Half-Cell Study of La and Ca Doped Strontium Titanates Anode for Direct Methane Solid Oxide Fuel Cell

Thursday, 27 July 2017: 11:00
Grand Ballroom West (The Diplomat Beach Resort)
P. K. Tiwari (I.I.T. Delhi), J. T. S. Irvine (University of St. Andrews, Scotland), and S. Basu (I.I.T. Delhi)
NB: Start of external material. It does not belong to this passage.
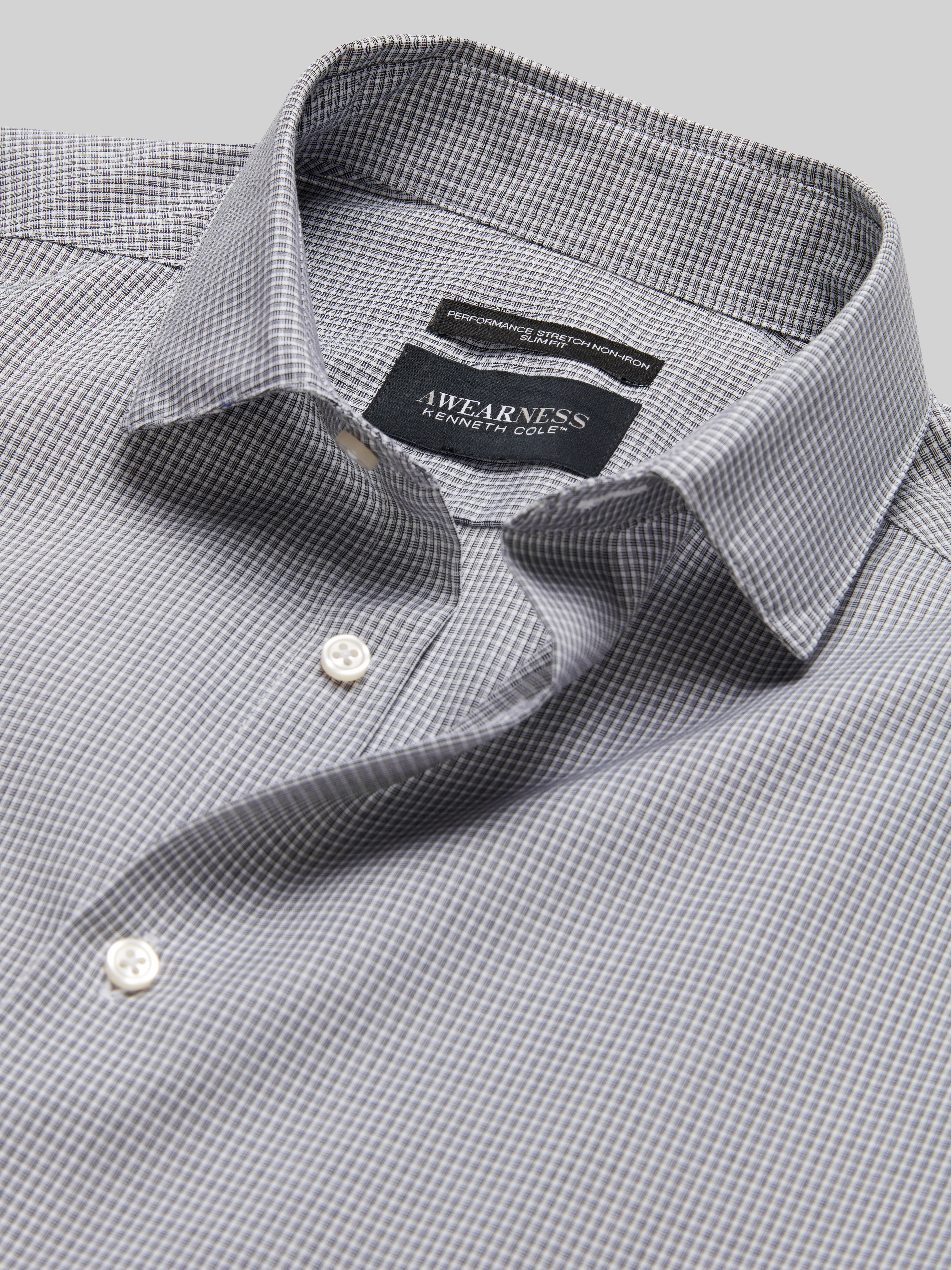 A dress shirt that gets as serious about comfort as it does style. This slim-fit wonder brings ultra-performance stretch to keep you looking sharp and feeling unrestricted - even during those post-lunch meetings. The mini plaid design whispers sophistication, while the spread collar gives it a modern edge perfect for date nights, big presentations, or those "just because I look good" days. Pair it with tailored trousers or your go-to slacks for a polished look thats not trying too hard. Comfort and style? Nailed it.

Solid oxide fuel cell (SOFC) has been providing high conversion efficiency of chemical energy to electricity without any pollution. One of the major advantages of SOFC over other fuel cell is use of direct natural gas at high temperature without any external reformer. Conventional Ni-yttria stabilized zirconia (YSZ) composite anode provides excellent catalytic property, current collection and stability for H2 oxidation but it is not tolerant towards sulphur poisoning and also accelerates coke deposition in presence of hydrocarbon fuels. It necessitates the use of alternate anode for direct hydrocarbon SOFC. In the present work, attempts have been made to apply A-site deficient La and Ca doped SrTiO3 (LSCTA-) as potential anode for direct methane SOFC. Electrolyte supported half-cells with LSCTA- anode backbone have been tested in H2 and humidified CH4 fuel. Low catalytic activity of LSCTA- towards electro oxidation of fuel is significantly improves in presence of metallic catalyst. 6% CeO2 loading in LSCTA- backbone improves the performance of the cell in H2 as well as in humidified CH4 at 800 °C. It has been observed that coke deposition did not degrade the anode active surface even after 6 h of exposure of CH4 at the elevated temperature of 800 °C. 4% Ni infiltration in 6%CeO2-LSCTA- enhances the performance from 131 mW cm-2 to 200 mw cm-2 at 800 °C in H2. In humidified CH4 environment, cell having 4% Ni-6% CeO2-LSCTA- anode shows lesser performance (140 mw cm-2 Power density) due to sluggish methane oxidation reaction but provided enhanced power density (216 mw cm-2) once H2 is again fed after 6 h cell operation in humidified CH4. i-V/ i-P analysis of half-cell shown in fig. 1 explains the performance in H2 as well as in CH4 at 800 °C. Maximum power density of cell is 200 mW cm-2 (554 mA cm-2) at 1 h of operation in H2, which increases up to 216 mW cm-2 (578 mA cm-2) in H2 after 6h of cell operation in humidified CH4. In humidified CH4 exposure, maximum power density of cell is 89 mW cm-2 (285 mA cm-2) at 1 h of operation, which increases up to 140 mW cm-2 (409 mA cm-2) at 6 h of operation. The performance of the cell is reasonably good as results presented here correspond to a cell having thick electrolyte (300 μm). The cells are found to be structurally robust even after 12 h of accelerated testing. LSCTA-is a potential anode backbone material for direct methane SOFC and could be an excellent anode for other hydrocarbons.

Key Words: A-site deficient SrTiO3, Direct Methane SOFC, LSCTA- anode, half-cell study.